● Requirement: Everything in the listing below should be repeated exactly, apart from the pictures.

● Input data:

* * * * * * * * *

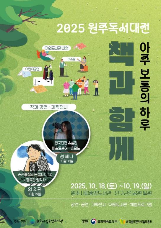 독서대전 기간 단구근린공원 열린광장에서는 야외도서관도 열린다. 도심 속 공원에서 즐기는 독서 공간 ‘책과 함께, 아보하’, 지역 아티스트·밴드 공연 ‘책과 함께, 공연’, 다양한 체험 부스 ‘책과 함께, 체험’이 시민들과 만날 예정이다.
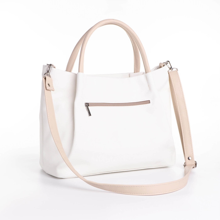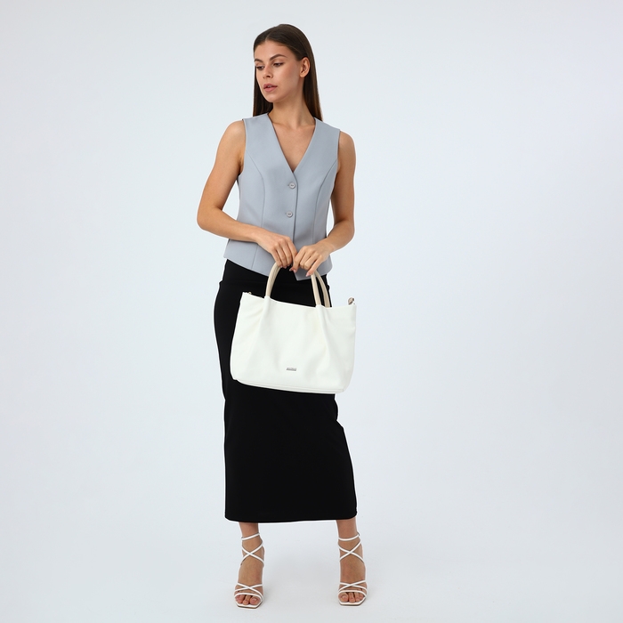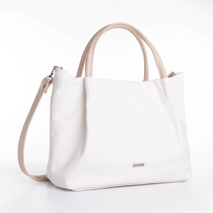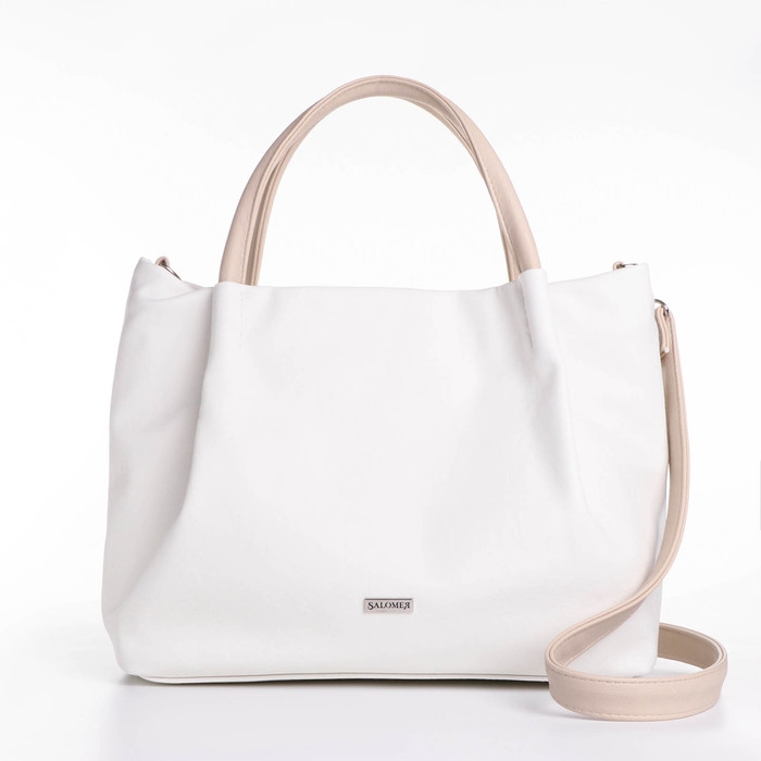 Сумка женская, средний размер, длинный ремень, цвет белый
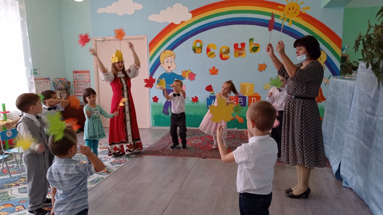 В нашем детском саду прошел осенний праздник. Дети с удовольствием читали стихи, отгадывали загадки, исполняли песни и танцы. К ребятам приходила в гости красавица «Осень» с которой пели танцевали и играли. Праздник в детском саду – это всегда удивительные чудеса, волшебные краски, звонкий смех воспитанников, море улыбок и веселья. Хоть и говорят, что осень унылая пора, но дети как никто другой, способны радоваться шороху золотистых опавших листьев под ногами, дождику, под которым так интересно гулять под зонтиком . Вот почему праздник осени в детском саду является одним из самых любимых у нашей детворы. Мероприятие было веселым, ярким, увлекательным. Воспитанники получили много позитивных эмоций. В завершении «Осень» угостила всех ребят вкусными апельсинами.
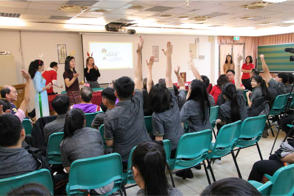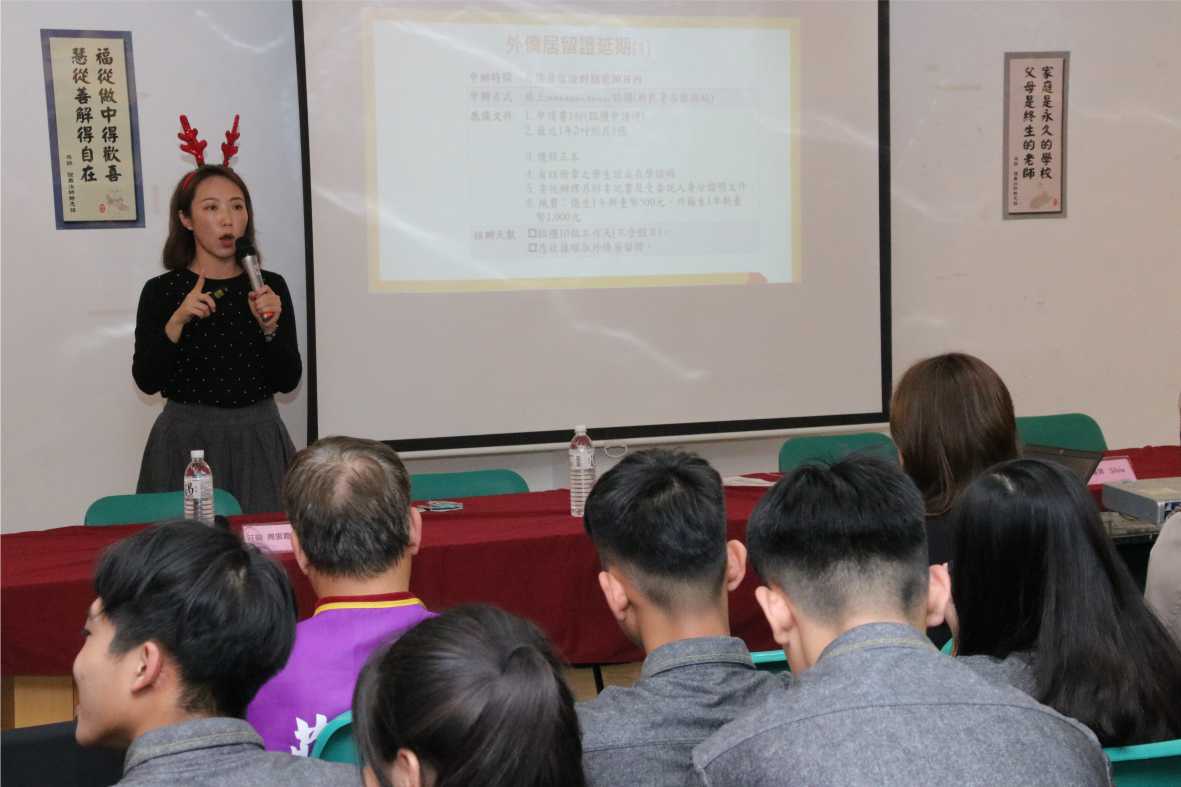 戴著紅色「麋鹿」髮箍的曾潔如,告訴外生們在臺打拚不「迷路」,莊敬高職深耕職校教育,學校有演藝科、影視科、餐飲科、美容科、流行服飾科等專業科系,吸引相當多的外籍學生,移民署希望提供正確資訊讓學校及學生們知道,讓新住民學子將來能安心居留。

* * * * * * * * *

● Reply to the task:
 독서대전 기간 단구근린공원 열린광장에서는 야외도서관도 열린다. 도심 속 공원에서 즐기는 독서 공간 ‘책과 함께, 아보하’, 지역 아티스트·밴드 공연 ‘책과 함께, 공연’, 다양한 체험 부스 ‘책과 함께, 체험’이 시민들과 만날 예정이다.
 Сумка женская, средний размер, длинный ремень, цвет белый
 В нашем детском саду прошел осенний праздник. Дети с удовольствием читали стихи, отгадывали загадки, исполняли песни и танцы. К ребятам приходила в гости красавица «Осень» с которой пели танцевали и играли. Праздник в детском саду – это всегда удивительные чудеса, волшебные краски, звонкий смех воспитанников, море улыбок и веселья. Хоть и говорят, что осень унылая пора, но дети как никто другой, способны радоваться шороху золотистых опавших листьев под ногами, дождику, под которым так интересно гулять под зонтиком . Вот почему праздник осени в детском саду является одним из самых любимых у нашей детворы. Мероприятие было веселым, ярким, увлекательным. Воспитанники получили много позитивных эмоций. В завершении «Осень» угостила всех ребят вкусными апельсинами.
 戴著紅色「麋鹿」髮箍的曾潔如,告訴外生們在臺打拚不「迷路」,莊敬高職深耕職校教育,學校有演藝科、影視科、餐飲科、美容科、流行服飾科等專業科系,吸引相當多的外籍學生,移民署希望提供正確資訊讓學校及學生們知道,讓新住民學子將來能安心居留。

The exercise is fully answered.